Now, we can use just this average height to work out the gravitational potential energy because the excess gravitational potential energy of water in this region is cancelled out by the lack of gravitational potential energy in this region. And for this reason, we can just use the average height when we’re calculating gravitational potential energy.
So how do we calculate gravitational potential energy? Well, we can recall that the gravitational potential energy 𝐸 sub grav of an object is given by the mass of that object multiplied by the gravitational field strength of the Earth multiplied by the height of the object. And this height can be above whatever we defined to be the surface, where gravitational potential energy is zero.
So in this case, we’re looking at the height above this level here. So in other words, gravitational potential energy is zero here because that’s how we’ve defined it. And so the gravitational potential energy of the excess water is going to be the mass of the excess water 𝑚 multiplied by the gravitational field strength of the Earth multiplied by the height — the average height of the water. And we can label this distance ℎ.
Now, at this point, we can sub in all our values because we’ve been told that the mass of the excess water is 2.4 times 10 to the power of 10 kilograms. We’ve also been told the gravitational field strength of the Earth or the acceleration due to gravity is 9.8 meters per second squared. And the average height of the water is 1.5 metres. So we can plug all these values into our calculator to give us an answer of 3.528 times 10 to the power of 11 joules.
However, we can write this in a more convenient fashion. We can write the same number as 352.8 times 10 to the power of nine joules. Now, essentially, what we’ve done is multiplying this part of the number by 100 and divide this part of the number by 100. And when we multiply by 100 and divide by 100, we’re essentially just multiplying by one. So we’ve got the same number again. And therefore, 3.528 times 10 to the power of 11 is the same as 352.8 times 10 to power of nine.
But why would we want to do that?

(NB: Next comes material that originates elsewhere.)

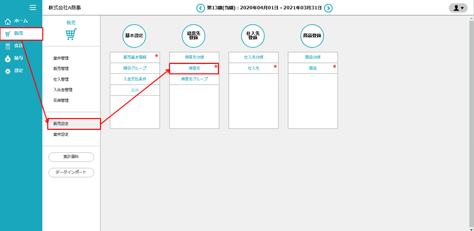 ①「販売」>「販売設定」>「得意先」にアクセスします。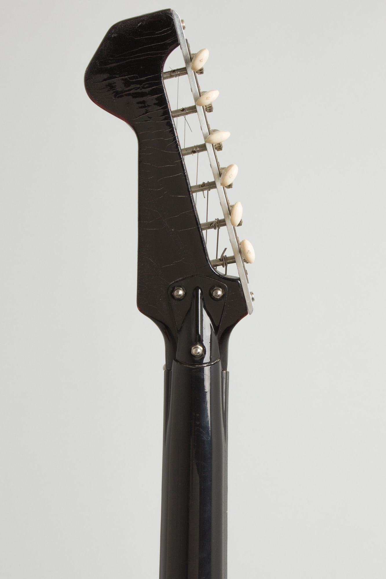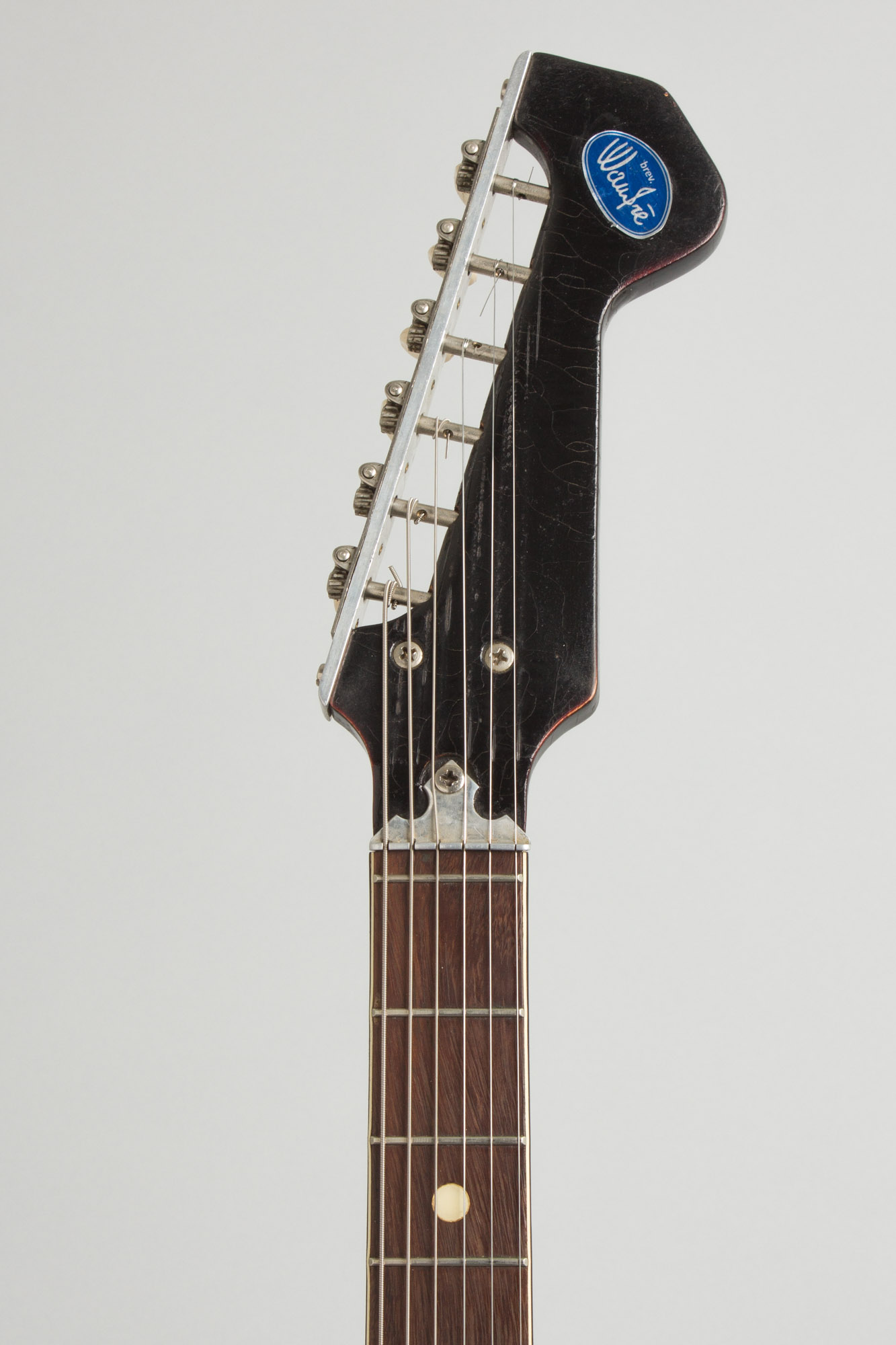 Overall this rare guitar is in fine playing condition with no major damage or repair and, rarely and critically, all original hardware present and intact. This is no small feat for a Wandre guitar, which are notoriously prone to plastic parts breaking or tiny bits and pieces going missing. As is typical, the plastic sheathing on the body has some long checking lines but is fully intact and not separating anywhere. The original black lacquer paint on the headstock face is heavily checked; there is a teeny bit of what looks like clear nail polish on the back and edges of the headstock, likely an attempt to prevent further checking. This is sporadic and does not cover the whole of the area, and fortunately the Wandre logo sticker is intact.

Well, like we said earlier, this is more of a convenient way to write it because 10 to the power of nine joules is the same as one gigajoule. So we can replace 10 to the power of nine with capital 𝐺 which stands for giga. And so if we write it in gigajoules, then we don’t have to worry about standard form. We don’t need to write times 10 to the power of something.
But anyway, so both answers are equally valid. And hence, we’ve got our final answer now. The gravitational potential energy of the extra water held back by the barrage is 3.528 times 10 to the power of 11 joules or 352.8 gigajoules.